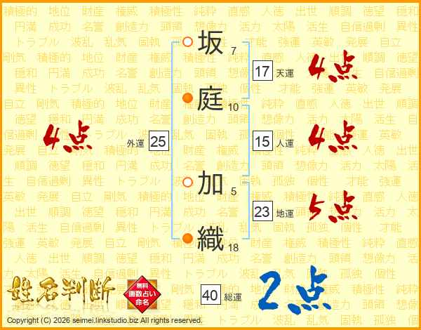 坂庭加織さんの総運は40画の2点!
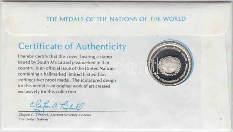 ENSZ 1979. "A Világ nemzeteinek emlékérmei - Dél-afrikai Köztársaság" Ag emlékérem (15g/0.925/32mm) megcÃmzett érmés borÃtékon elsÅ‘napi bélyegzÅ‘s bélyeggel, hátoldali tanúsÃtvánnyal, ismertetÅ‘kkel T:PP
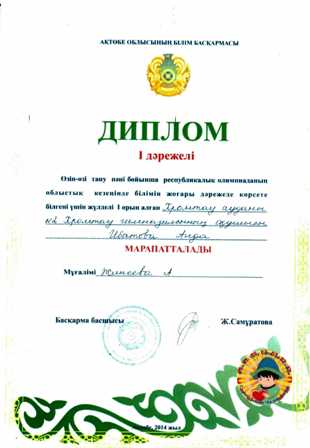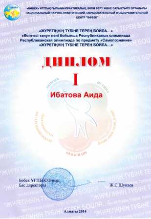 С 5-10 ноября 2014 года в городе Алматы Национальным научно-практическим образовательным и оздоровительным центром «Бобек» с целью нравственно-духовного образования детей проводилась Республиканская олимпиада по предмету «самопознание» среди учащихся 7-9 классов, в которой приняла участие ученица 9 класса Хромтауской Гимназии №2, призер областной олимпиады Ибатова Аида.
··········
## Task objective
All lines from the beginning of the material above through the line holding "tanúsÃtvánnyal, ismertetÅ‘kkel T:PP" are to be given again exactly, and no others; pictures do not go in.

## Answer area
 坂庭加織さんの総運は40画の2点!
 ENSZ 1979. "A Világ nemzeteinek emlékérmei - Dél-afrikai Köztársaság" Ag emlékérem (15g/0.925/32mm) megcÃmzett érmés borÃtékon elsÅ‘napi bélyegzÅ‘s bélyeggel, hátoldali tanúsÃtvánnyal, ismertetÅ‘kkel T:PP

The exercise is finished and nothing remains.